Yes <- subset(BtheB, drug == 'Yes')[,grep('bdi', names(BtheB))]
boxplot(Yes, main='Taking Anti-Depressants', ylab="BDI", xlab="Time", names=c(0,2,3,5,8), ylim=ylim)

#In order to easily plot using the ggplot command I will convert the data set to long format
BtheB$subject <- factor(rownames(BtheB))
nobs<- nrow(BtheB)
bthb_long <- reshape(BtheB, idvar = 'subject',
                     varying=c('bdi.pre','bdi.2m','bdi.3m','bdi.5m','bdi.8m'),
                     direction = 'long')
bthb_long$time <- rep(c('0','2',3,5,8), rep(nobs,5))

anti_depressants <- c('No' = 'No Anti-Depressants', 'Yes' = 'Taking Anti-Depressants')
#ggplot can now easily divide the categorical variable (drug) into its groups Yes and No
ggplot(bthb_long, aes(time, bdi)) + geom_boxplot() + facet_grid(~drug, labeller = as_labeller((anti_depressants))) + labs(title='Boxplots of DBI & Time by Anti-Depressant Status', x='Time (Months)', y='DBI')

##Problem 1 B)

  b. Repeat (a) for the \textbf{length} variable. Discuss the results.

Following the same pattern as for part a but applying it the length variable. The length variable measures the length of the current episode of depression by two factors. One (<6m) indicates that it is less than 6 months. The other, (>6m) indicates that it is more than 6 months.

#box plots of BDI vs Time for length of current episode
#most of the code structure was found in Cahpter_13 code.R file & the lecture. some modifications were made to get the desired variables for analysis
layout(matrix(1:2, nrow=1))
less <- subset(BtheB, length == '<6m')[,grep('bdi', names(BtheB))]
boxplot(less, main='Less than 6 Months', ylab="BDI", xlab="Time", names=c(0,2,3,5,8), ylim=ylim)
greater <- subset(BtheB, length == '>6m')[, grep('bdi', names(BtheB))]
boxplot(greater, main='More than 6 Months', ylab='BDI', xlab='Time (Months)', names=c(0,2,3,5,8), ylim=ylim)

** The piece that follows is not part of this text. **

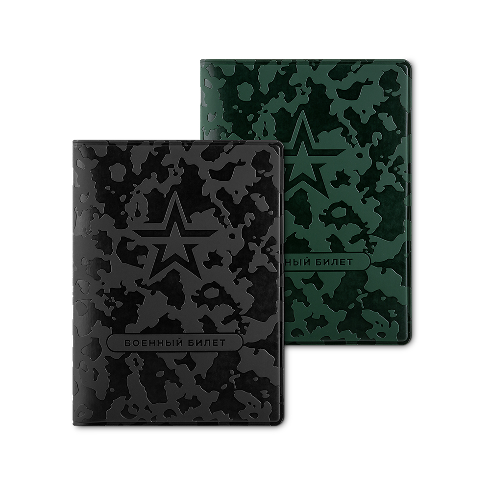 Чехол на зеленый военный билет для военных в офицерском звании и выпускников, прошедших военную кафедру изготовлен из экокожи и имеет размер 11,3 х 8,6 см. Внутри есть дополнительный кармашек, в который можно положить медицинскую пластиковую карточку или банковскую карту. На выбор обложка черного или темно-зеленого цвета с камуфляжным тиснением.

#ggplot can now easily divide the categorical variable (length) into its groups <6m & >6m

timelabels <-c('<6m'='Less Than 6 months', '>6m'='Greater Than 6 Months')
ggplot(bthb_long, aes(time, bdi)) + geom_boxplot() + facet_grid(~length, labeller = as_labeller((timelabels))) + labs(title='DBI over Time for current Episode of Depression ', x='Time (Months)', y='DBI')

##Problem 1 C)

  c. Use the \textit{lm} function to fit a model to the Beat the Blues data 
  that assumes that the repeated measurements are independent. 
  Compare the results to those from fitting the random intercept model 
  \textit{BtheB\_lmer1} from the video.

#Converting to long format

I will have to convert the data set to the long format in order to fit both the linear regression model and the lmer model.

#converting the data from wide formate to long format
BtheB$subject <- factor(rownames(BtheB))
nobs2 <- nrow(BtheB)
btheb_long2 <- reshape(BtheB, idvar = 'subject',
                       varying = c('bdi.2m','bdi.3m','bdi.5m','bdi.8m'),
                       direction = 'long')
btheb_long2$time <- as.numeric(rep(c(2,3,5,8), rep(nobs2, 4)))

#Fitting a fixed model 
btheb_lm1 <- lm(bdi ~ bdi.pre + time + drug + length + treatment + subject, data=btheb_long2, na.action = na.omit)

#Fitting a mixed model
btheb_lmer1 <- lmer(bdi ~ bdi.pre + time + drug + length + treatment + (1 | subject), data=btheb_long2, REML=FALSE, na.action=na.omit)

#Model Summaries

I will display the summaries of the models by using the anova command for comparing the mixed effects model to the fixed effect linear model. This way I can quickly see how the models are performing.

anova(btheb_lmer1, btheb_lm1)

#Residual vs Fitted and Normal Q-Q plot of Fixed Model

layout(matrix(1:2, ncol=2))
plot(btheb_lm1, which=1)
plot(btheb_lm1, which=2)

#Residual and QQnorm plots of the Mixed Effects Model

plot(btheb_lmer1, main='Residuals vs Fitted',xlab='Fitted values',ylab='Residuals')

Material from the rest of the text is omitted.